The smell alone was enough to wake the dead. Dean took a small sip and felt his sinuses loosening up.

“We can catch a ride in a half hour over to Iquitos,” said Karr. “Have the Art Room arrange a room for us there. We can use a generic cover as adventurers.”

“That’ll fool them,” said Dean sarcastically.

“No one there we have to fool,” said Karr. “And we won’t be there long anyway.”

“I’d like to get some sleep,” admitted Dean. “About twenty-four hours’ worth.”

“Yeah.”

Dean could tell from Karr’s answer that sleep was unlikely anytime soon. There were alternatives stronger than the coffee — the Deep Black ops had specially formulated “go” pills, supposedly high-tech stimulants that were non-addictive and had no adverse side effects. Dean didn’t trust them; he’d heard the same sort of bull in Vietnam and later in the first Gulf War. Anything artificial always came back to bite you somehow. At least the coffee was predictable.

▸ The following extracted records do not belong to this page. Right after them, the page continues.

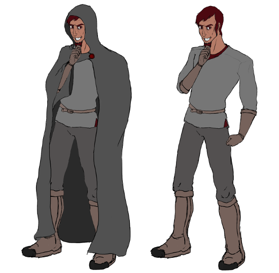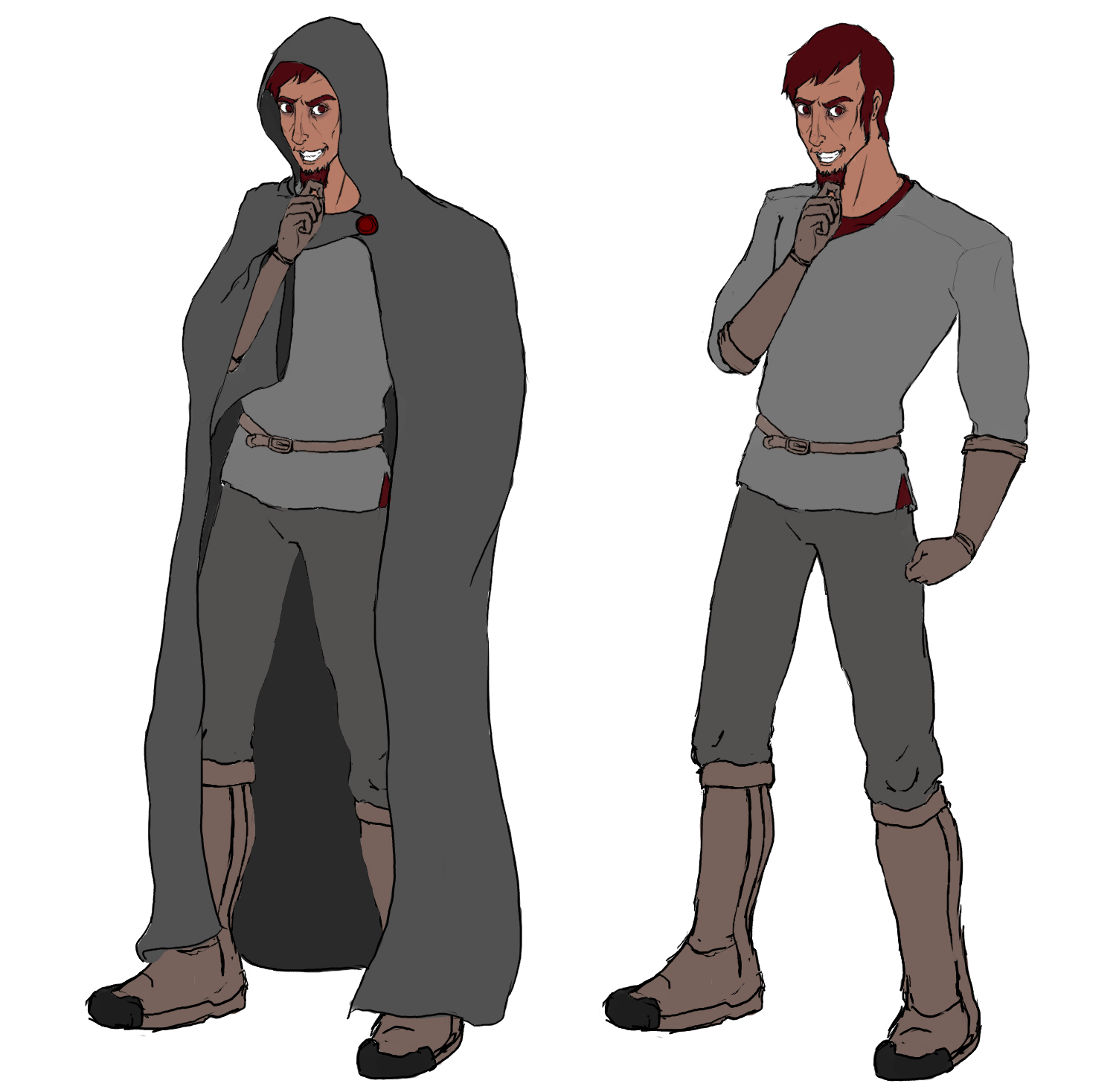 Re in his usual attire, minus his cloak. At least, this is how he usually appears. Can't even tell where he has all his knives hidden.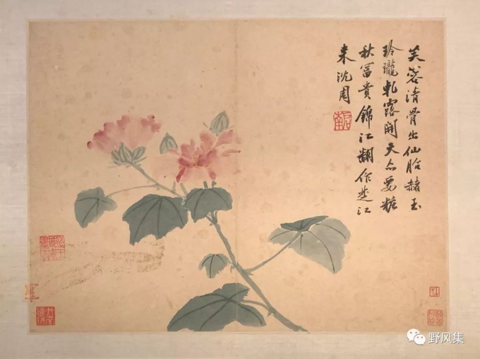 (좌) 부용 - 삼재도회, (우) 산수화훼도 중 목부용 - 신명원 화 (인터넷, 국립중앙박물관 소장)
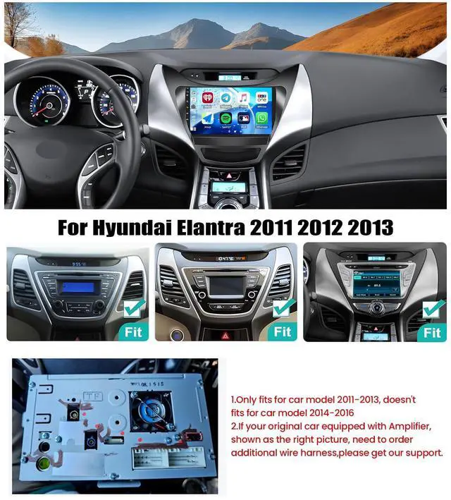models: for Hyundai Elantra 2011 2012 2013, plug and play ^^ 32EQ Audio Adjustment A variety of mainstream sound effects designed for car scenes create the ultimate hearing experience such as 3D optimized, Panorama, HiFi scene, etc, to make up for the lack of speakers in the original car and get better lossless sound quality. Various popular sound effects can be adjusted at will to enjoy the perfect car audio quality ^^ Bluetooth 5.0 & FM/RDS RadioThis Hyundai Elantra car radioupgraded with Bluetooth 5.0 and features stable signal and high quality phone call sound while you are driving. You can listen to news, music, weather forecast, traffic information. Support radio stations FM/RDS, add fun to the boring car journey ^^ WiFi, GPS NavigationConnect to WiFi, you can download various applications on the Hyundai Elantra upgrade radio. You can listen to online music and watch "YouTube" videos. It is as convenient as a large smart phone, adding fun to the journey. Support GPS satellite positioning, you can download offline navigation directly from the Play Store. After connecting to WiFi, the online map can also be used perfectly ^^ Wireless Carplay, Android Auto & Mirror LinkThe android radio can synchronize the phonebook, email, notification, map navigation APP, music APP on the phone to the radio, and support call mobile phone voice assistant for voice control.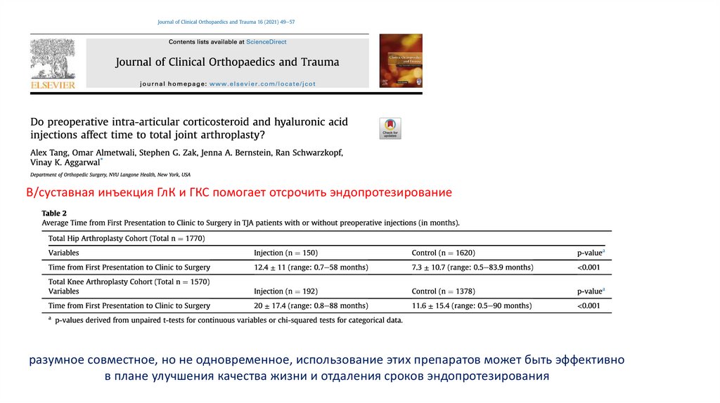 В/суставная инъекция ГлК и ГКС помогает отсрочить эндопротезированиеразумное совместное, но не одновременное, использование этих препаратов может быть эффективно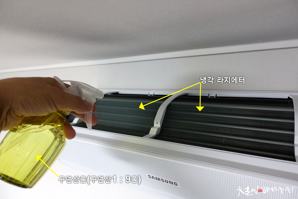 분무기에 물 9 : 1 구연산을 섞어서 녹여주는 것으로 간단히 에어컨 냄새 제거 용액을 만들 수 있습니다.
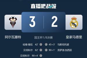 体育资讯01月15日讯 国王杯1/8决赛,阿尔瓦塞特爆冷3-2绝杀皇马。

“There’s a place we can wash up a bit,” Karr told him. “They even have these vending machines with little shaving kits in them. When we’re done we have to head over to what they call the south dock. It’s about a quarter mile from here.”

“Where are we meeting Lia?” asked Dean.

“In Nevas,” said Karr. “She should be there this afternoon. We’ll have to get an airplane or at least a boat — it’s pretty far from Iquitos.”

“She shouldn’t do the switch without backup.”

“I’m not saying she should, Charlie. Let’s go get a shave, all right? My chin gets cranky if I don’t shave off the peach fuzz every forty-eight hours or so.”